- Film poster
- Icelandic: Villibráð
- Directed by: Elsa María Jakobsdóttir
- Screenplay by: Elsa María Jakobsdóttir; Tyrfingur Tyrfingsson;
- Produced by: Þórir S. Sigurjónsson; Arnar Benjamín Kristjánsson; Ragnheiður Erlingsdóttir;
- Starring: Gísli Örn Garðarsson; Hilmir Snær Guðnason; Þuríður Blær Jóhannsdóttir; Nína Dögg Filippusdóttir; Anita Briem; Björn Hlynur Haraldsson; Hilmar Guðjónsson; Kristín Þóra Haraldsdóttir;
- Cinematography: Bergsteinn Björgúlfsson
- Edited by: Kristján Loðmfjörð
- Distributed by: Sena
- Release date: 6 January 2023 (Iceland);
- Running time: 110 minutes
- Country: Iceland
- Language: Icelandic

= Wild Game (film) =

2023 Icelandic film

Wild Game (Villibráð) is a 2023 Icelandic film written and directed by Elsa María Jakobsdóttir.

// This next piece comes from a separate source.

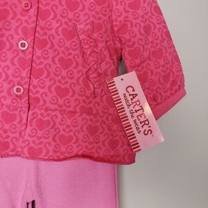 Carter's Girls 2 Piece Matching Set Size 3-6months Perfect for Fall Pink sweat pants, elastic waste and soft interior Top pink, 4 buttons, hood and faux pockets. Small crown screen print embellishment. Bundle and Save

Wild Game is a comedy drama set a dinner party in Vesturbær. Seven friends decide to put their phones on the table and agree that all incoming calls and messages will be shared with the party to prove that none have anything to hide. It is a remake of the 2016 Italian film Perfetti Sconosciuti - Perfect Strangers.

==Plot==
Eva and Runar host a dinner party for 5 guests in an affluent district.
One couple did not come, because the woman looked at partner's phone and
found he was cheating. Eva challenges everyone to put their phones on the
table and unlock them. Some are reluctant. Steini receives an erotic
message, but it was actually host Runar playing a joke. Petur gets a call
from his sister revealing he has applied for a new job in the north. Then
Eva gets a call from her father revealing she is having an operation. She
has to tell the guests it is breast augmentation. Leifur asks Petur to
swap phones, as he is expecting a woman to send him pictures at night,
but Petur refuses. Eva finds the sauce that Runar cooked to be awful and
tips it down the sink. Next Hildur gets a call from a friend telling her
to be more assertive in her sex life, which leads to most awkward moment
so far. The men get messages about a football game, except Leifur, and
he is miffed. His wife Hildur is drunk and angry and throws wine at Runar.
Leifur takes advantage of the commotion to swap phones. Petur gets the
nude picture and smashes the phone. Then Leifur gets a message from a famous
footballer on Petur's phone and has to explain how he knows him. A
volcano erupts on the horizon, serving as a metaphor for the rising
tension at the party.
They go outside to take a group photo and Björg gets messages from her
ex. Runar gets a call from his teenage daughter, saying nasty things
about her mother, who is listening. Leifur gets a call on Petur's phone
from the footballer. Steini is upset to learn the star football
player is gay. Another message from the football player shocks Hildur,
she walks out. It also causes a fight with Steini, who is homophobic.
And so it continues, learning of more affairs and drug taking. The night
ends with broken marriages and damaged friendships.